MarcusInMd Posted September 13, 2010 Posted September 13, 2010 Well eaccelerator has been creating cache files on my server since I set it up about 5 years ago. What I did was the tutorial from the litespeed link you provided. Now it creates the cache files inside of /devs/ folder however, what I am saying is I did not see any improevment in server load from creating and deleting vs. the old way I was doing it. I will keep watching it but so far nada.
Gary. Posted October 6, 2010 Posted October 6, 2010 remove the contents of the folder and then wait a further 5 or 10 mins to see if it re-caches anything, If not then its probably the folder not writable nor the module is not functioning properly. Restart apache, then check if the module is running:php -v You should see a performance increase, We have optimized many servers and all have good results using opcode.
MarcusInMd Posted October 6, 2010 Posted October 6, 2010 It's creating cache files. It just has not made any speed difference.
Gary. Posted October 7, 2010 Posted October 7, 2010 There must be some other OPcode in place also doing the same job then. Nothing to worry about :)

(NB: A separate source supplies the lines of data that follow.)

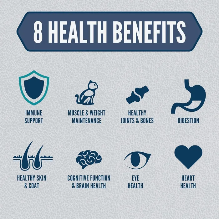 - Helps support 8 key health benefits including Immune Support, Digestion, Healthy Skin & Coat, Heart Health, Eye Health, Muscle & Weight Maintenance, Healthy Joints & Bones and Cognitive Function & Brain Health.
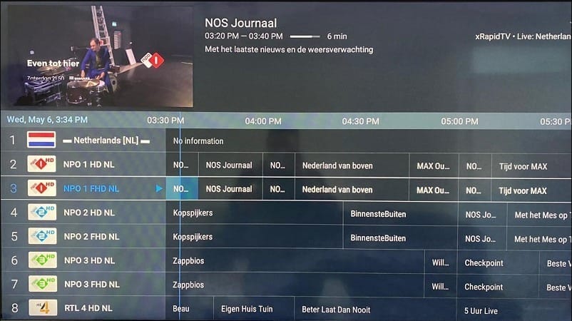 Exemple de votre écran EPG, dans le coin supérieur gauche, vous verrez un aperçu de la chaîne
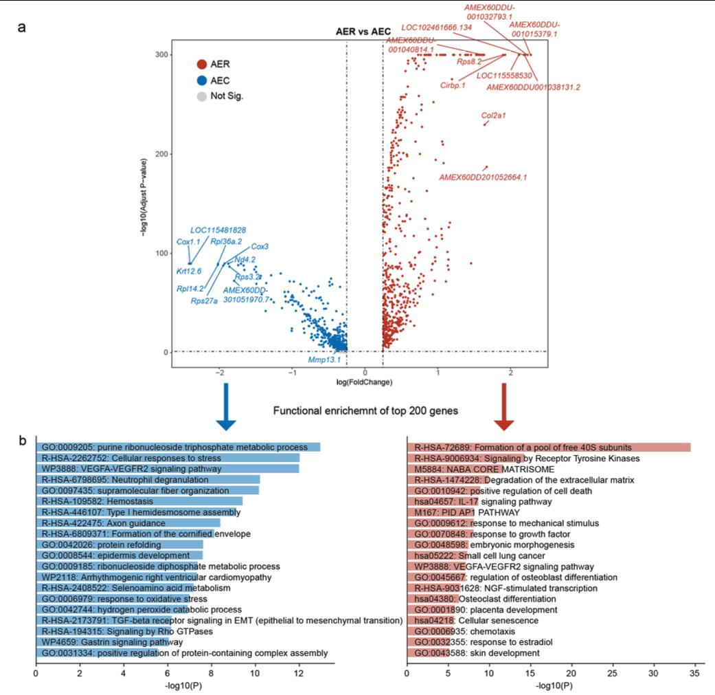 Supplementary Fig. 14 | Differentially expressed gene analysis between axolotl AER and AEC cells. a) Volcano plot showing the differentially expressed genes (DEGs) between axolotl AER and AEC populations. Red and blue dots indicate genes significantly enriched in the AER or the AEC, respectively. Gray dots indicate statistically not significant genes. The top 10 DEGs are labeled. b) Barplots showing enriched GO terms based on the top 200 DEGs (ordered by fold change) in AER (red) and AEC (blue) cells. |

Zhana Posted November 13, 2010 Author Posted November 13, 2010 All those who are running Litespeed, what about mod_rewrite? Does it works off the bat or you have to tweak .htaccess or any other things? Thank you.
Bono Posted November 13, 2010 Posted November 13, 2010 All those who are running Litespeed, what about mod_rewrite? Does it works off the bat or you have to tweak .htaccess or any other things? Thank you. Works out of the box...you don't have to modify anything.
Zhana Posted November 13, 2010 Author Posted November 13, 2010 Cool cool, how much are you paying for it bono?